Please write out the entire listing below exactly, excluding its pictures.

> **Source material**:
-----
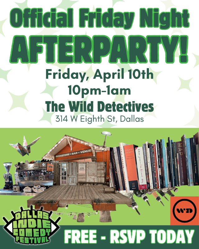 Keep the laughs going after the shows with the official Friday Night Afterparty for Dallas Indie Comedy Fest at The Wild Detectives!
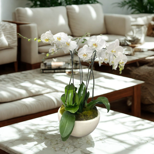 Arreglo de 4 orquídeas blancas en maceta redonda blanca con musgo natural. Elegancia minimalista para decorar o regalar.
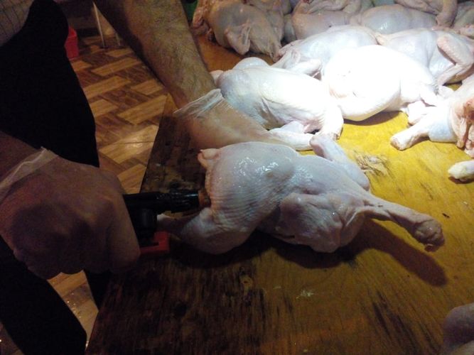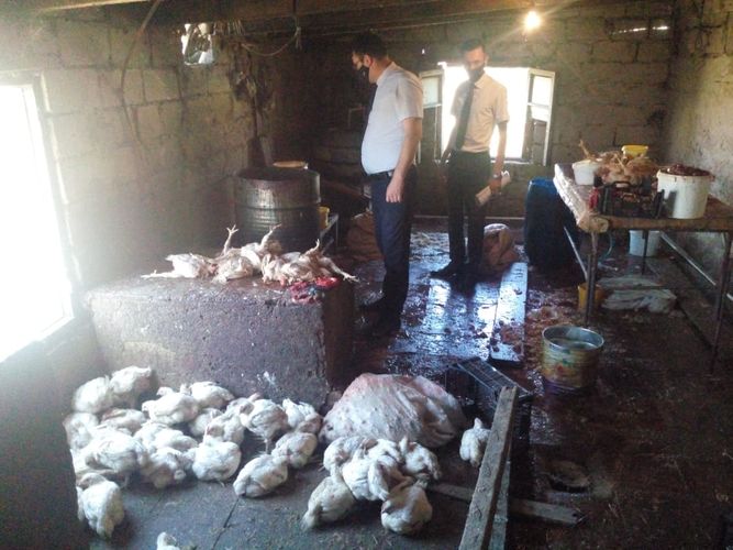 Belə ki, qanunsuz emal sahəsində heç bir texniki-normativ tələblərə əməl edilmədən kustar üsulla toyuqların kəsildiyi, daha sonra anti-sanitar şəraitdə tükdən təmizləndiyi və uzun müddət su il doldurulmuş natəmiz vannalarda saatlarla saxlanıldığı aşkarlanıb. Həmçinin baxış zamanı sexdə kəsilən toyuqların çəkisinin su ilə artıldığı müəyyənləşdirilib.
-----
> **Solution for this task**:
 Keep the laughs going after the shows with the official Friday Night Afterparty for Dallas Indie Comedy Fest at The Wild Detectives!
 Arreglo de 4 orquídeas blancas en maceta redonda blanca con musgo natural. Elegancia minimalista para decorar o regalar.
 Belə ki, qanunsuz emal sahəsində heç bir texniki-normativ tələblərə əməl edilmədən kustar üsulla toyuqların kəsildiyi, daha sonra anti-sanitar şəraitdə tükdən təmizləndiyi və uzun müddət su il doldurulmuş natəmiz vannalarda saatlarla saxlanıldığı aşkarlanıb. Həmçinin baxış zamanı sexdə kəsilən toyuqların çəkisinin su ilə artıldığı müəyyənləşdirilib.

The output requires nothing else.